Diego Barbosa-Vásquez contribuye a la transformación internacional de las artes escénicas, mientras asume con orgullo su posición como embajador de marca país de Colombia.
“Colombia Tierra Querida” resuena entre los muros del Union Colony Civic Center, en Colorado. En el núcleo del escenario, Diego Barbosa-Vásquez dirige la Greeley Philharmonic Orchestra (GPO), que esa noche, se ha dado cita para tocar el repertorio “Canciones Para Ti – Songs for You”.
Gracias a los arreglos sinfónicos desarrollados por LatinAmericanScores, consiguió realizar una de las presentaciones más exitosas en la historia de la GPO, la tercera orquesta más antigua de Estados Unidos al oeste del Río Misisipi; con piezas como “La Llorona”, “El Triste”, “Un Rinconcito en el Cielo”, “Amor Eterno” o “Macabra”, composición del emblemático director de orquesta francés Camille Saint-Saëns.
Así, Barbosa-Vásquez añadió un hito más a su ascendente trayectoria profesional, iniciada hace apenas cinco años tras una breve temporada en el conservatorio. Fue en la adolescencia cuando comenzó a revelar ese liderazgo innato que hoy sostiene su carrera con resonancia global.

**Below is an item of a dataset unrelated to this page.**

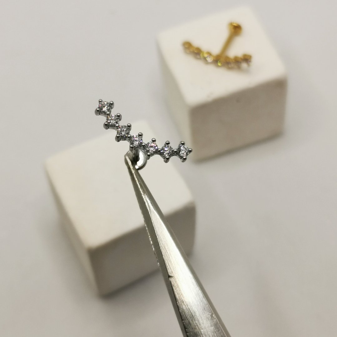 La barra in acciaio chirurgico 316L con filettatura interna garantisce il massimo comfort durante l’inserimento e l’uso quotidiano. I cristalli sono fissati con precisione per resistere all’usura.

Estudió dirección de orquesta y, muy pronto, ejerció su vocación en distintas instituciones de Colombia, cuando aún no cumplía los 25 años, un logro notable en el panorama internacional. Sin embargo, su juventud y la brevedad de su experiencia lo llevaron a enfrentar momentos complejos mientras intentaba definir su lugar dentro de esta escena.
De ahí que decidió partir a Estados Unidos para continuar su formación con una beca en la Azusa Pacific University. “Durante la maestría y, con mayor claridad, en el doctorado, comprendí que las dificultades que vivíamos en la orquesta en Colombia no eran exclusivas de allá; en realidad, muchos de esos desafíos atraviesan todo el campo de las artes performáticas.”
A partir de esas revelaciones, orientó sus estudios de posgrado hacia la sostenibilidad y desarrolló el 4D PAL Ecosystem Mapping, un proyecto realizado en colaboración con más de 150 organizaciones de diversos países. La fuerza de este modelo ha sido tal que no solo le ha permitido obtener reconocimiento en varios continentes, también encabezar un movimiento de transformación en las artes escénicas, al integrar cuatro dimensiones esenciales: la artística, la financiera, la social y la ecológica.
Expresiones valiosas

Esa es solo una parte de la labor que impulsa, además de dirigir el Performing Arts Laboratory, “un espacio donde quienes forman parte de las artes performáticas pueden mantenerse conectados y comprender cómo funciona el sector”. A ello se suma que los arreglos sinfónicos originales creados para el concierto de la GPO pasaron a formar parte del catálogo oficial de LatinAmericanScores, ahora disponible para orquestas de todo el mundo.
“Nuestro propósito es que [el proyecto PAL] alcance una verdadera trascendencia global y no permanezca limitado a un solo lugar.” Es un proyecto esencial para él, pues como director de Ópera, Ballet y Orquesta su repertorio exige comprender a fondo la música vinculada con estas disciplinas. “Un director casi siempre está orientado hacia la cultura eurocentrista (…) pero yo soy colombiano”, comenta al recordar que muchas de las grandes obras europeas se sustentan en la música folclórica de sus propios países, misma que luego llega a los grandes escenarios operísticos o de la danza clásica.
De ahí su reflexión: “¿Por qué los latinoamericanos no hemos alcanzado aún esa confianza para emplear nuestras propias estéticas? No necesitamos escribir una fuga a ocho voces, al estilo de [Johann Sebastian] Bach, para demostrar que nuestra música tiene valor”.
Esa convicción guía a Diego Barbosa-Vásquez, quien desde 2017 representa a Colombia como embajador de marca país, llevando con orgullo la belleza y riqueza cultural de su origen a cada escenario que pisa.